L'Informale: Apakah yang anda ramalkan untuk Perang Hamas-Israel?
DP: Saya berharap Hamas mampu bertahan hidup. Ia mampu bertahan hidup berkat beberapa pengaturan yang berbeda dari kepentingan Israel dan Barat. Perang paling lama yang Israel lancarkan juga membuktikan dia kurang berhasil.
L'Informale: Apakah pentingnya memindahkan kelompok kapal induk AS kedua, USS Carl Vinson, menuju Timur Tengah?
DP: Pemindahan kapal induk menuju Timur Tengah memberikan sinyal kepada Ali Khamene'i dan para pemimpin lainnya di Teheran bahwa pernyataan keras Trump dapat mengarah pada aksi. ("Jika mereka tidak membuat kesepakatan, maka akan ada pemboman. Pemboman itu nanti belum mereka saksikan sebelumnya"). Namun, jangan minta saya meramalkan apakah pemboman itu akan terjadi atau tidak. Trump terlampau tidak terduga.

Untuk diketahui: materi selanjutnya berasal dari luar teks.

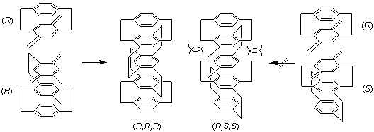 ところで、このカップリング反応では片方のユニットにラセミ体を反応させても生成物は片方にねじれたちょうちんになることが知られています。これはねじれを打ち消す方向の組み合わせでは、向かい合った枝の間の反発が生じるためです。
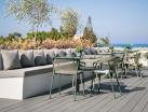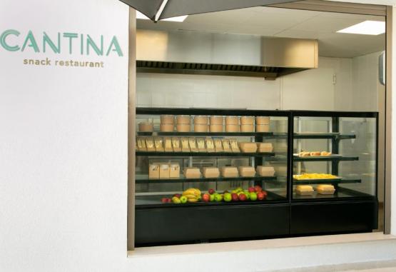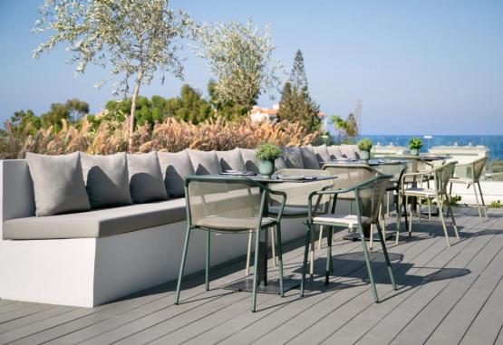 La proprietate puteți savura un mic dejun tip bufet, continental sau vegetarian. Atlantica Aqua Blue are un restaurant care servește mancăruri din bucătăria grecească, mediteraneană și internatională. La cerere, sunt disponibile și preparate vegetariene, fără lactate și vegane.

![]() Kapal Induk AS Carl Vinson. |
L'Informale: Bagaimanakah menilai kebijakan Timur Tengah Trump dalam pemerintahannya yang kedua?
DP: Seperti semua kebijakannya, kebijakan-kebijakan Trump itu jauh lebih tidak menentu dibandingkan dengan kebijakan selama masa pemerintahannya yang pertama. Gedung Putih telah diambil alih oleh seorang egois yang keras kepala. Beberapa kebijakannya sangat bagus, yang lain buruk. Yang mengejutkan saya bukanlah Trump sendiri dan siapa dia sebenarnya. Yang mengejutkan saya justru banyak kaum konservatif Amerika yang tak sekedar memilihnya sebagai pemimpin mereka tetapi juga menawarkan kesetiaan yang tanpa batas kepadanya. Saya mengaitkan kesetiaan ini dengan kemarahan mereka terhadap kaum liberal. Kemarahan yang diungkapkan Trump secara luar biasa.